Jaws will drop, but I exchanged my tickets for the Netrebko Boheme here in March for the "second" cast run this month featuring Ana Maria Martinez and Dimitri Pittas. The reason is I found out I will be out of town for work the date of the March tickets and the SO will be on the east coast all of March rehearsing for his own Puccini gig.

It was a new-to-Chicago production imported from San Francisco. A bit fresher than the 1972 production used here thru 2008 but still a very conventional mid-19th century Paris setting. Martinez' Mimi was moving and effective. Pittas, was less so, though still a solid Rodolfo.

The set that struck me most was the garret, for once realistically sized and palpably cramped when all four occupants were home. A thought-provoking change from the penthouse-sized suites typically portrayed. The garret itself was set within a large flat photo panel of the rooftops of Paris taking up the rest of the stage. To me the most effective moment was the first chord of _Che gelida manina_ when the panel blew apart, leaving the garret suspended in a moonlit sky.

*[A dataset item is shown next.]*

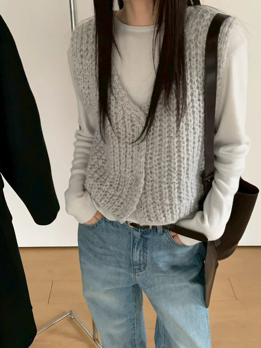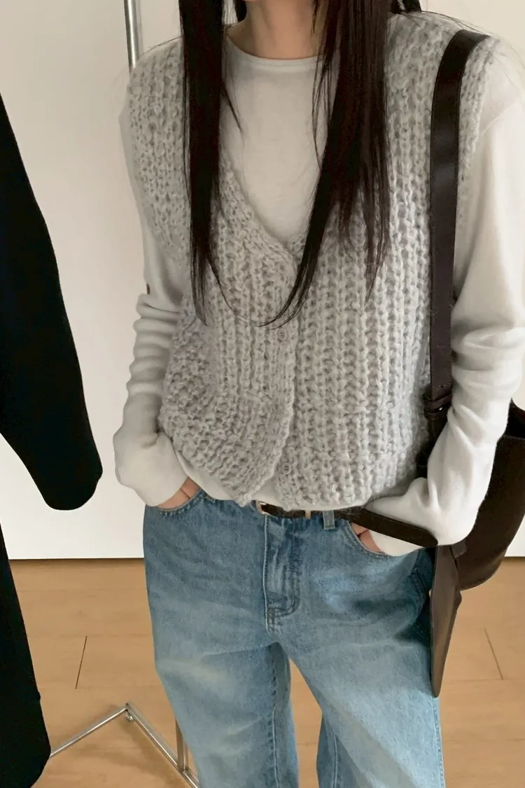 UQ24簍空針織背心(白,灰,墨,咖)

It was a generally faithful "do no harm" production, but some annoying directorial choices undercut the action at key points. For example, rather than touching hands in the dark searching for the key, the trigger for _Che gelida_ was the Rodolfo _handing_ Mimi her lost key . Silly and pointless, since the next lines are "What's the use of looking? We won't find it in the dark". Similarly, the English supertitles involved some unfortunate paraphrasing. Honestly, the libretto already contains the perfect balance of pathos and humor, why do directors and translators feel the need to 'improve' on it?


----------



## sospiro (Apr 3, 2010)

Cavaradossi said:


> Jaws will drop, but I exchanged my tickets for the Netrebko Boheme here in March for the "second" cast run this month featuring Ana Maria Martinez and Dimitri Pittas. The reason is I found out I will be out of town for work the date of the March tickets and the SO will be on the east coast all of March rehearsing for his own Puccini gig.
> 
> It was a new-to-Chicago production imported from San Francisco. A bit fresher than the 1972 production used here thru 2008 but still a very conventional mid-19th century Paris setting. Martinez' Mimi was moving and effective. Pittas, was less so, though still a solid Rodolfo.
> 
> ...


The set sounds really good but, as you say, why do some directors think they can improve a masterpiece? :scold:


----------



## guythegreg (Jun 15, 2012)

Well, I hope you had a good time anyway. To me, Boheme isn't about the quality of the singing, but about the romance. As you say, poor directorial choices can interfere. Glad you had some good moments, anyway.


----------